My phone rings. He has slipped away to tell me he misses me. To tell me it may take a long time, but the risks are his and he will bear the weight of the hurt that may come, that he wants to be with me, loves me. He chides me for protecting him, for pushing him away from something that could easily become an explosive situation. He takes responsibility for whatever this is.

He tells me he loves everything about me, stealing these moments of simple glances. He tells me I am beautiful. There is much silence. I can hear him breathe and sigh. I miss him too.

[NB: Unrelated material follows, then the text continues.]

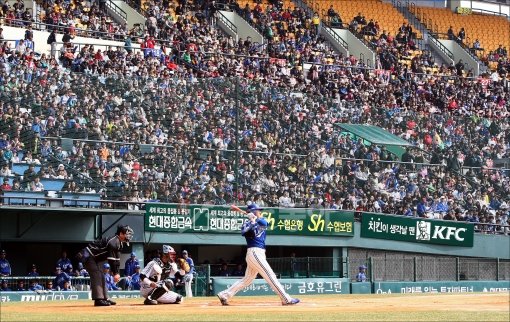 ‘야구야 반갑다!’ 2012 프로야구 시범경기 개막 2연전에 10만 명이 넘는 구름관중이 모였다. 18일 잠실 삼성-LG전에서도 정규시즌을 방불케 하는 수많은 팬들이 몰려들어 삼성 이승엽의 타격 모습을 지켜보고 있다. 잠실|김민성 기자 marineboy@donga.com 트위터 @bluemarine007

He is under my skin, in my head, thoughts of him are part of my day and I am part of his.

I want someone to whom I can give myself wholly. I cannot do this with him whilst he is not mine. I cannot, will not.

The choice is his. He will only be welcome in my heart if he is free to be there.

I want him and I must find a way not to.

I am angry at the situation, myself, him. It would be so very much easier if nothing had ever been said. I try to be angry with him for making it this way.

I want to be angry with him, but with each time his eyes reach beyond my masks and fear, my resolve weakens.

We say goodnight at last. I do not know when these words will come again, but I know they will.

He's found me, found the me that exists in these words and less often in reality. My layers are stripped away and he is there with me.

Saturday 1 January 2011

I want him

I am at risk of falling in love with the man I cannot have.

The musician still tells me how he's feeling about me, and I can only resist for so long. I want him. I want his softness and his kisses and his words and his eyes and his passion.

We hold hands and look. Unable not to.

He is taking risks. He has told my sister what's going on his is head.

He is not mine. Nor is he likely to be.

I beg him to stop saying all the things he does. It isn't fair.

I don't want him to stop though.

He is someone else's and it makes me weep.